Only the centre of Ek Balam has actually been excavated and here you’ll find a few large structures or temples. The largest structure here is oval in shape around one side with a staircase leading up to it around the northern side. This is known as The Oval Palace and due to the many relics found here, archaeologists believe it was used for cosmological ceremonies.
Adjacent to the Oval Palace you’ll find two small pyramids with stairs leading up to the top and platforms jutting out at all four corners. I’d highly recommend climbing these for a better view of the site and Acropolis or main structure located just to the north.
Just north of these is the Great Ballcourt used during Mayan times as a space for games, larger gatherings and physical competitions. You can notice the stone structures where the audience would have sat on either side, similar to a stadium.

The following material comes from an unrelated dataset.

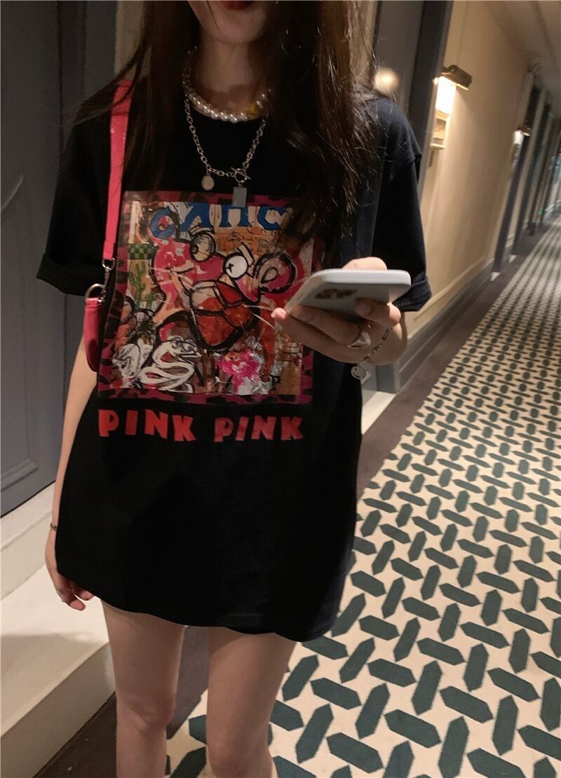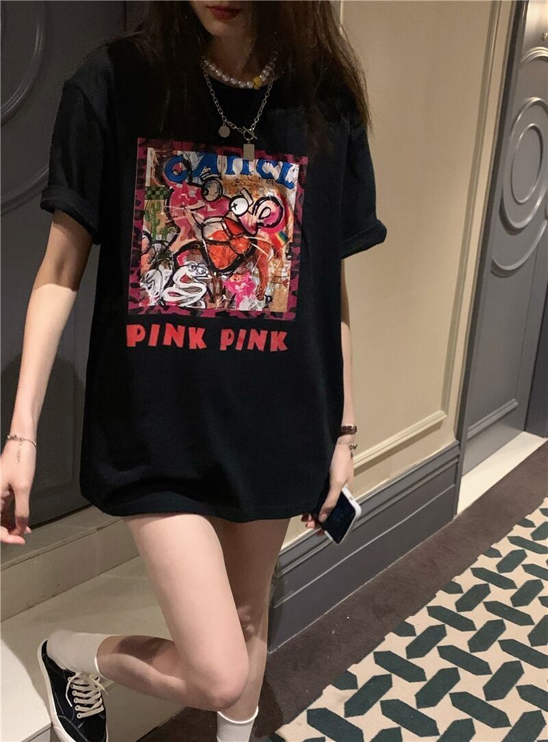 【韓国通販 dgo】2colors プリント Tシャツ ホワイト/ブラック(W3543)センス溢れるファッションitem

Continuing north you’ll get to the Acropolis, the largest and tallest structure at Ek Balam. Many believe that this structure contains the tomb of Ukit Kan Leʼk Tokʼ, a significant ruler of Ek Balam. Inside the Acropolis, on the left, you’ll also find the temple, El Trono, the place where Ukit Kan Leʼk Tokʼ is buried on your way up. While the stairs to climb the Acropolis are very high and steep, I highly recommend doing it. Not only is it a great workout, but also the views from the top are beautiful and you can see the stucco facades of the temples, carvings and depictions of jaguars, mythological creatures and deities. Although the stucco is reconstructed, it gives you an idea of what it would have looked like in Ek Balam’s glory days.
I highly recommend walking around the Acropolis and taking some of the random paths in the jungle nearby. YOu’ll notice a couple of other even larger buildings that have yet to be excavated as you start to realize how much larger this place and how much work there is still to go to undercover the Mayan secret of Ek Balam.